The general form of dblquad is scipy.integrate.dblquad(func, a, b, gfun, hfun). Where, func is the name of the function to be integrated, ‘a’ and ‘b’ are the lower and upper limits of the x variable, respectively, while gfun and hfun are the names of the functions that define the lower and upper limits of the y variable.

举个例子,让我们执行二重积分法。

As an example, let us perform the double integral method.

\int_{0}^{1/2} dy \int_{0} {\sqrt{1-4y 2}} 16xy \:dx

\int_{0}^{1/2} dy \int_{0}{\sqrt{1-4y2}} 16xy \:dx

我们使用 lambda 表达式定义函数 f、g 和 h。请注意,即使 g 和 h 是常数(在很多情况下它们可能都是),也必须将它们定义为函数,就像我们在此处为下限所做的那样。

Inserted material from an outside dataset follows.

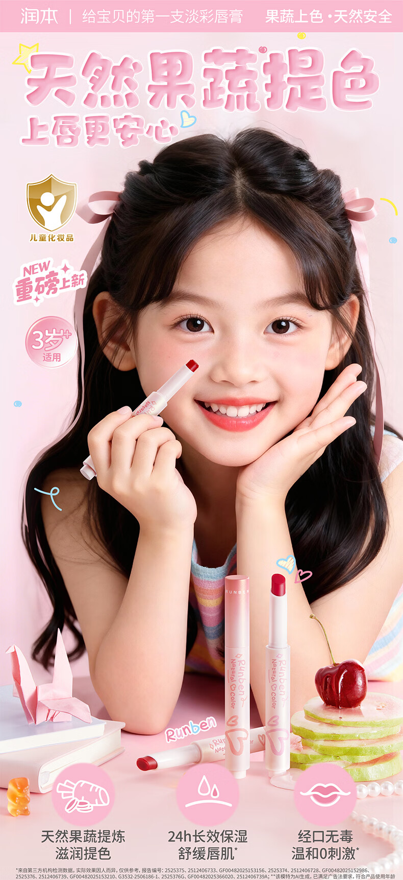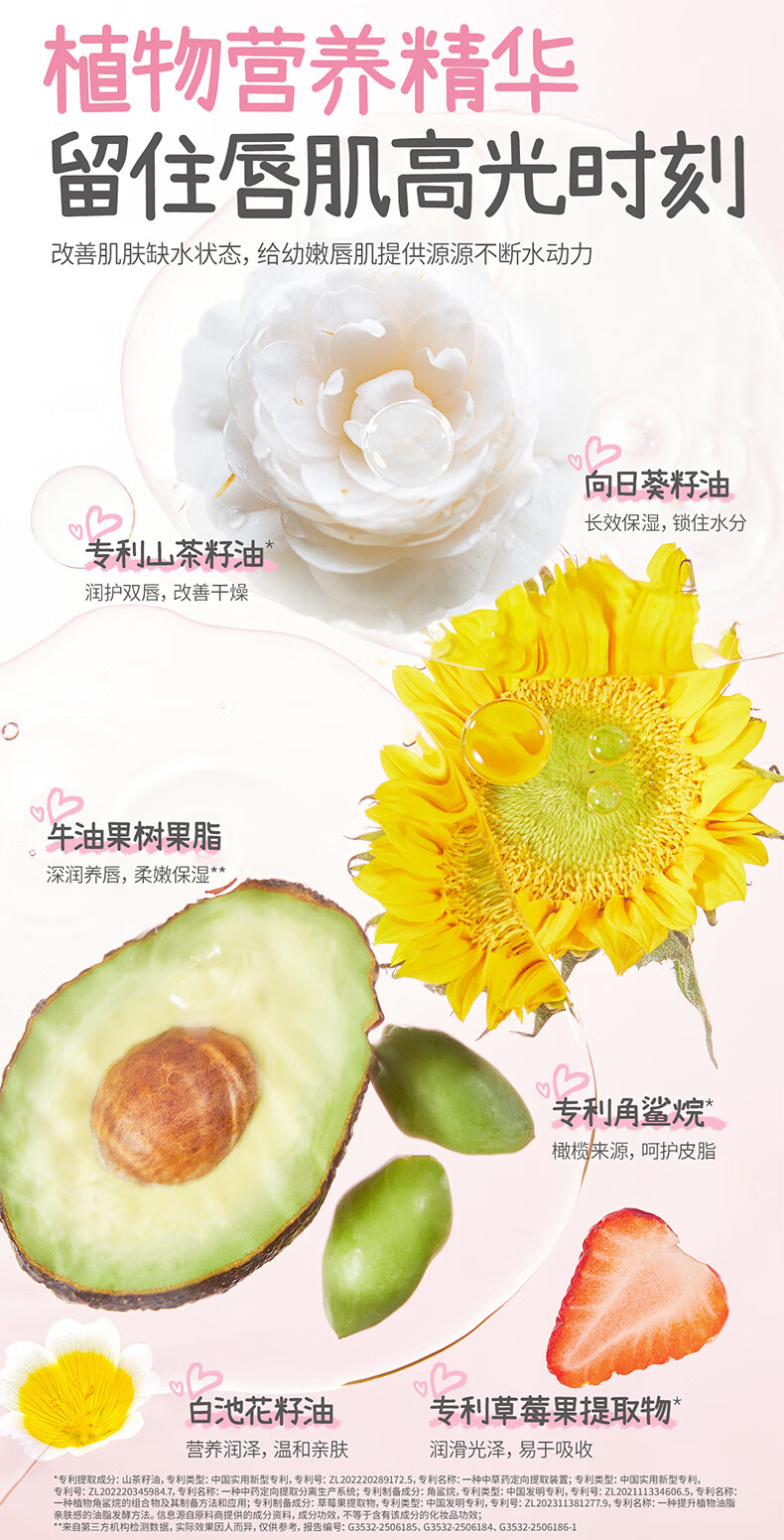 多重天然植物精粹;深润保湿,亲肤锁水;舒缓肌肤干燥刺激,果蔬提色,一抹红润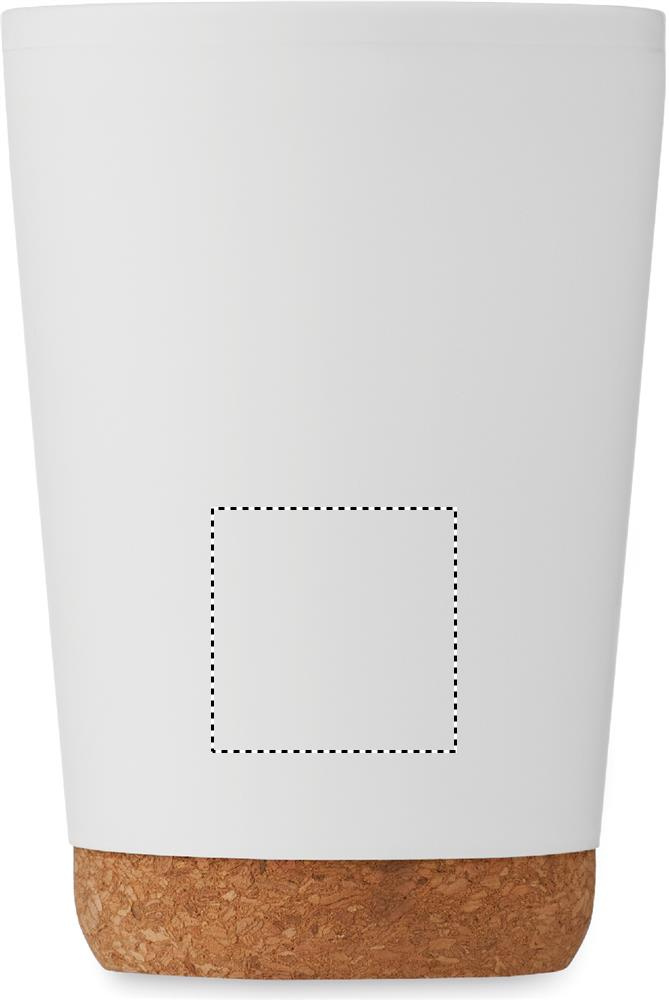Double wall tumbler in PP with cork base and slide closing drinking mouthpiece lid in PS and ABS. Capacity: 300 ml.

We define the functions f, g, and h, using the lambda expressions. Note that even if g and h are constants, as they may be in many cases, they must be defined as functions, as we have done here for the lower limit.

import scipy.integrate
from numpy import exp
from math import sqrt
f = lambda x, y : 16*x*y
g = lambda x : 0
h = lambda y : sqrt(1-4*y**2)
i = scipy.integrate.dblquad(f, 0, 0.5, g, h)
print i

上述程序将生成以下输出。

The above program will generate the following output.

(0.5, 1.7092350012594845e-14)

除了上面描述的例程之外,scipy.integrate 还有许多其他积分例程,包括执行 n 倍多重积分的 nquad,以及实现各种积分算法的其他例程。但是,对于我们的数值积分需求,quad 和 dblquad 将满足其中大部分需求。

In addition to the routines described above, scipy.integrate has a number of other integration routines, including nquad, which performs n-fold multiple integration, as well as other routines that implement various integration algorithms. However, quad and dblquad will meet most of our needs for numerical integration.